You can also explore external resources for other potential approaches or techniques.<br>

<b>Note</b>: Coding is optional here, but your answers should be supported by relevant analysis or justifications.

<b>Q3b answer</b>:

In [None]:
# Add your answer here

---

## Appendix. Coursework Instructions

<b>Coursework Support</b>:
- COMP1008 computing tutorials and exercises on data processing and machine learning models on different example problems
- Example code building and analysing machine learning models in COMP1008 lectures slides on 'Machine learning'
- In the computing sessions, Q&A support for developing .ipynb projects
- In Teams channel 'COMP1008 2024/25 / Questions': support of common questions

<b>Marks</b>: in total 100 marks (count for 25% in COMP1008), awarded on the basis of:
- knowledge and understanding on the theories covered in lectures when answering the questions in the Jupyter Notebook report
- how informative and well presented your code, visualisations and results are (e.g. necessary labels in plots)
- self-learning ability making use of tutorial materials and online resources
- problem solving skills to obtain the answers and results for the specific dataset
- concise report with key details, e.g. parameters, data, etc. for others to repeat your methods and obtain the same results.

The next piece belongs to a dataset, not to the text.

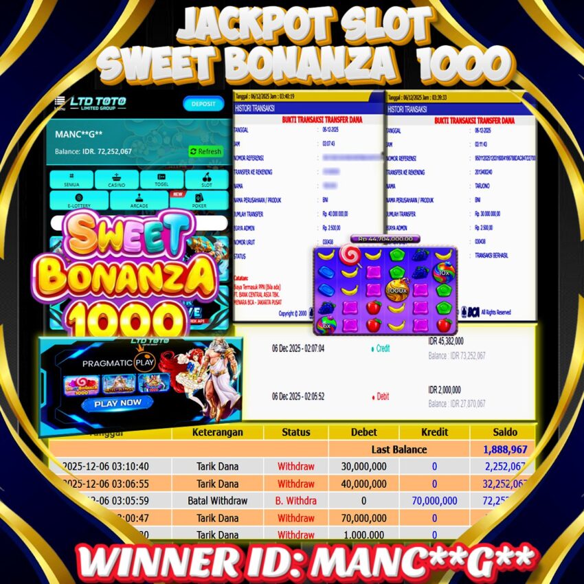LTDTOTO JACKPOT SWEET BONANZA 1000 RP 70.000.000 SABTU 06 DESEMBER 2025

For more information of COMP1008 assessment please refer to the coursework issue in Moodle ('Course Content / Assessment').

<b>Format</b>:
- One single .ipynb file named 202425_COMP1008_cw_XXX.ipynb, where XXX is your username (e.g. psxyz)
- The .ipynb file should include your code and answers, using this given .ipynb template (please add cells as needed)
- You could use additional Python libraries as you wish, in addition to the ones demonstrated in the computing sessions
- There are multiple ways using different methods to complete the tasks. These are fine as long as all answers and analysis are supported by the code implemented in Jupyter Notebook, not by using other means (e.g. operations in Excel, or by using other languages, etc.).

<b>Submission</b>: 
- Deadline: <b><font color = "red">24 March, 3pm</font></b>.
- Late submission leads to a 5% deduction of the coursework on each weekday. Work submitted one week late will receive a 0 for the coursework.
- Method: in Moodle submit a single .ipynb file named 202425_COMP1008_cw_XXX.ipynb
- If you can’t submit your coursework on time due to ECs, please contact Student Services and your personal tutor ASAP

<b>Note: Plagiarism vs. Group Discussions</b> 

As you should know, plagiarism is completely unacceptable and will be dealt with according to University's standard policies.<br>
Students are encouraged to have only general discussions on the theory (not the specific questions) when completing the coursework.<br>
It is important that when you actually do your coursework and write the answers, you do it individually.<br>
Do NOT, under any circumstances, share your report, code or figures, etc. with anyone else.